Look through the data below for the line with "Wi-Fi, телефон, кондиционер, светильник, настольные" and the line with "Dreamtoys, арт: S30039..", then transcribe exactly from the first through the second, leaving out all pictures.

- Material supplied
-=-=-=-=-

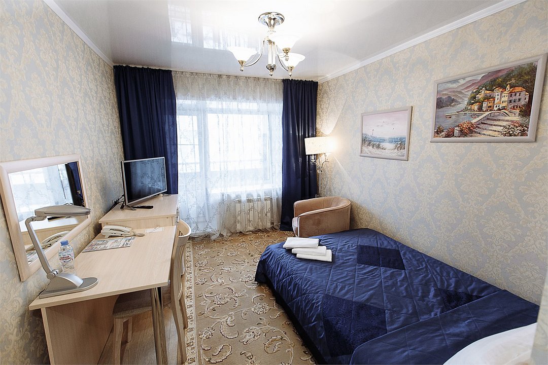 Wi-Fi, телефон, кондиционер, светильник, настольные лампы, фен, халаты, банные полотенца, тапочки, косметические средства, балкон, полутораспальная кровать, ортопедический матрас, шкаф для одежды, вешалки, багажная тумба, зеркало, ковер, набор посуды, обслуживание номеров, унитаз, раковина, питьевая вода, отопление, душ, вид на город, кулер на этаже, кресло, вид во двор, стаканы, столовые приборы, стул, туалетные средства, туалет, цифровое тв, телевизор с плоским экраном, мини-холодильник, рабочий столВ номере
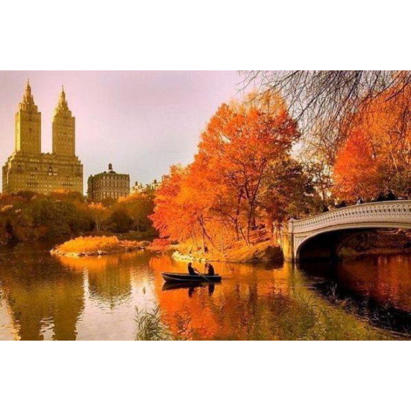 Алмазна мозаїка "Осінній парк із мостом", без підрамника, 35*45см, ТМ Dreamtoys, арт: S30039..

-=-=-=-=-

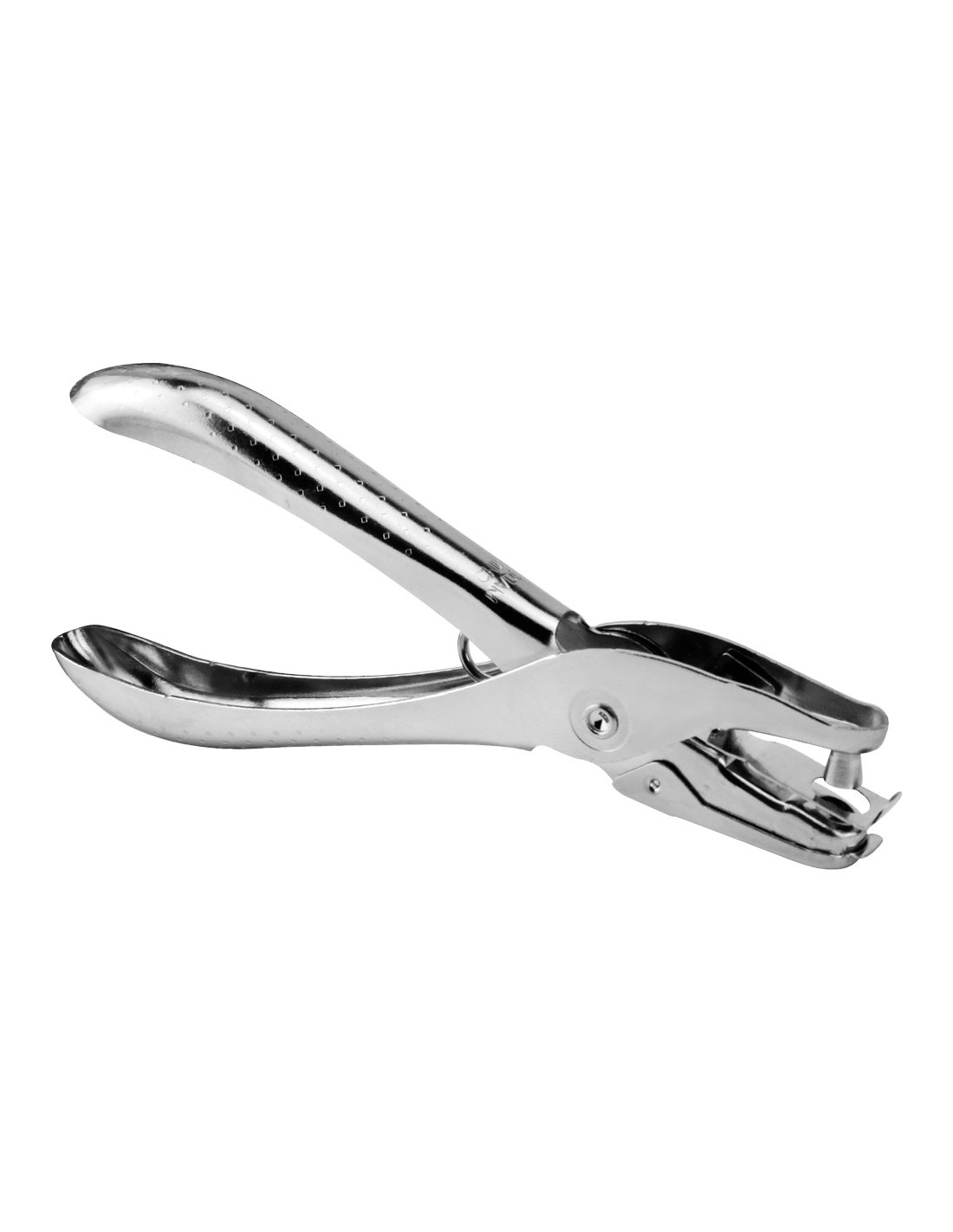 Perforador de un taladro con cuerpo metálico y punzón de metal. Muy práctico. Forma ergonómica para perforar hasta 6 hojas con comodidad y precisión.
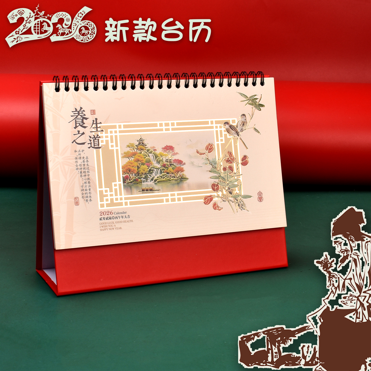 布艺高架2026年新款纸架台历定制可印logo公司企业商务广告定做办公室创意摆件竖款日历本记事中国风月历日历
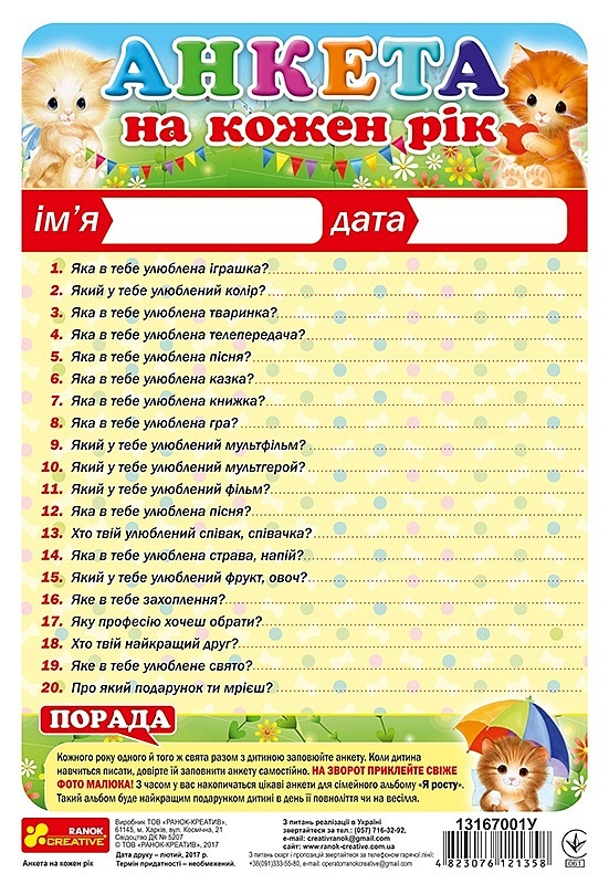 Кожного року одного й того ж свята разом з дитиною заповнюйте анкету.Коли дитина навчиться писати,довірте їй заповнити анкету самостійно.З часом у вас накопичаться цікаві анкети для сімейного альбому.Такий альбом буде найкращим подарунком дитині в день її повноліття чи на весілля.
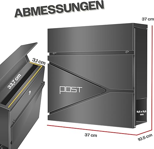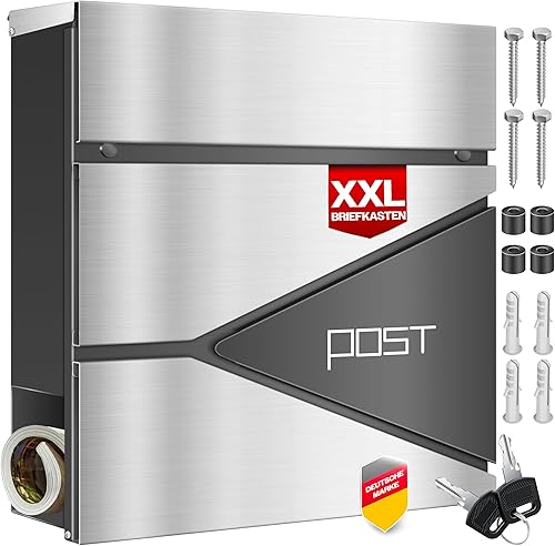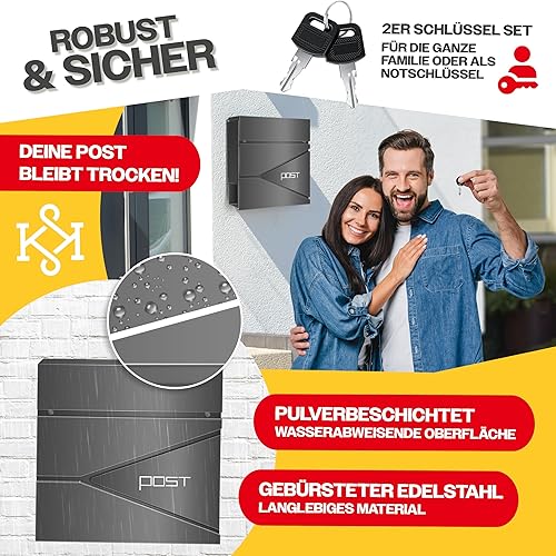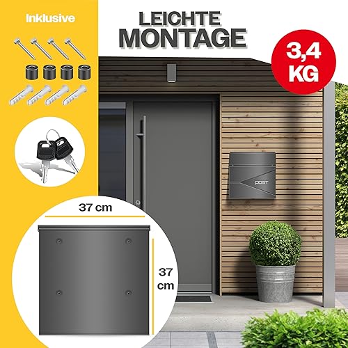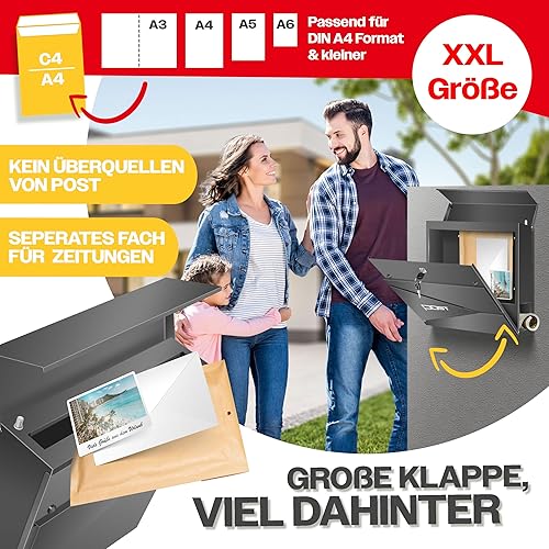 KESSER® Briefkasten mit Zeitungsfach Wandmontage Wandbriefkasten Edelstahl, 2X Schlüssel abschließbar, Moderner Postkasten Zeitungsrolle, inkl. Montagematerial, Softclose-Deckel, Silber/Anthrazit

-=-=-=-=-

- Solved problem
 Wi-Fi, телефон, кондиционер, светильник, настольные лампы, фен, халаты, банные полотенца, тапочки, косметические средства, балкон, полутораспальная кровать, ортопедический матрас, шкаф для одежды, вешалки, багажная тумба, зеркало, ковер, набор посуды, обслуживание номеров, унитаз, раковина, питьевая вода, отопление, душ, вид на город, кулер на этаже, кресло, вид во двор, стаканы, столовые приборы, стул, туалетные средства, туалет, цифровое тв, телевизор с плоским экраном, мини-холодильник, рабочий столВ номере
 Алмазна мозаїка "Осінній парк із мостом", без підрамника, 35*45см, ТМ Dreamtoys, арт: S30039..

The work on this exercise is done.